Hash#group_by
Overview
group_by is defined on Enumerable, so it works on hashes as well as arrays. When called on a hash, it iterates over each key-value pair, applies the block to derive a group key, and returns a hash where each group key maps to an array of all entries that produced that key.
The critical thing to understand: Hash#group_by on a hash returns a hash with arrays of [key, value] pairs as values, not a hash of hashes. If you want the latter, you need to transform the result.
Signature
group_by { |(key, value)| block } -> Hash
group_by -> Enumerator
Return Value
Returns a hash where:
- Keys are the return values of the block
- Values are arrays of
[key, value]pairs that produced each key
Basic Usage
Grouping by a simple condition
numbers = [1, 2, 3, 4, 5, 6]
numbers.group_by(&:odd?) # { true => [1, 3, 5], false => [2, 4, 6] }
Grouping a hash by value condition
users = {
alice: 28,
bob: 17,
carol: 35,
dave: 22
}
users.group_by { |_name, age| age >= 25 ? "adult" : "minor" }
# { "adult" => [[:alice, 28], [:carol, 35]], "minor" => [[:bob, 17], [:dave, 22]] }
Grouping by string length
words = ["apple", "apricot", "banana", "blueberry", "cherry"]
words.group_by(&:length)
# { 5 => ["apple"], 7 => ["apricot", "banana"], 9 => ["blueberry", "cherry"] }
Common Use Cases
Counting by category
orders = [
{ product: "Widget", status: "shipped" },
{ product: "Gadget", status: "pending" },
{ product: "Gizmo", status: "shipped" },
{ product: "Widget", status: "processing" }
]
orders.group_by { |o| o[:status] }.transform_values(&:length)

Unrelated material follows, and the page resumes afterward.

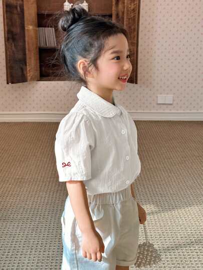 DAZY 年轻女孩秋季可爱蝴蝶结短袖衬衫 - 米色 - 查看 1

# { "shipped" => 2, "pending" => 1, "processing" => 1 }
Partitioning data with labels
temperatures = {
monday: 22,
tuesday: 19,
wednesday: 25,
thursday: 18,
friday: 27,
saturday: 21,
sunday: 23
}
temperatures.group_by { |_day, temp| temp > 22 ? "warm" : "mild" }
# { "mild" => [[:tuesday, 19], [:thursday, 18], [:saturday, 21]],
# "warm" => [[:monday, 22], [:wednesday, 25], [:friday, 27], [:sunday, 23]] }
Grouping by date component
events = {
event_a: Time.new(2024, 3, 15),
event_b: Time.new(2024, 3, 15),
event_c: Time.new(2024, 3, 22),
event_d: Time.new(2024, 3, 22),
event_e: Time.new(2024, 4, 1)
}
events.group_by { |_name, time| time.strftime("%Y-%m") }
# { "2024-03" => [[:event_a, ...], [:event_b, ...], [:event_c, ...], [:event_d, ...]],
# "2024-04" => [[:event_e, ...]] }
Grouping with transformation
products = {
sku_001: { name: "Widget", category: "A", price: 10 },
sku_002: { name: "Gadget", category: "B", price: 25 },
sku_003: { name: "Gizmo", category: "A", price: 15 },
sku_004: { name: "Doohickey", category: "B", price: 30 }
}
# Group by category, but keep only product names in each group
products.group_by { |_sku, attrs| attrs[:category] }
.transform_values { |entries| entries.map { |_k, v| v[:name] } }
# { "A" => ["Widget", "Gizmo"], "B" => ["Gadget", "Doohickey"] }
Result Structure
The return value is always a Hash, with arrays of two-element arrays as values:
h = { a: 1, b: 2, c: 3 }
result = h.group_by { |_k, v| v.odd? ? "odd" : "even" }
# { "odd" => [[:a, 1], [:c, 3]], "even" => [[:b, 2]] }
# Accessing the grouped data
result["odd"].to_h # => { a: 1, c: 3 } (convert back to hash)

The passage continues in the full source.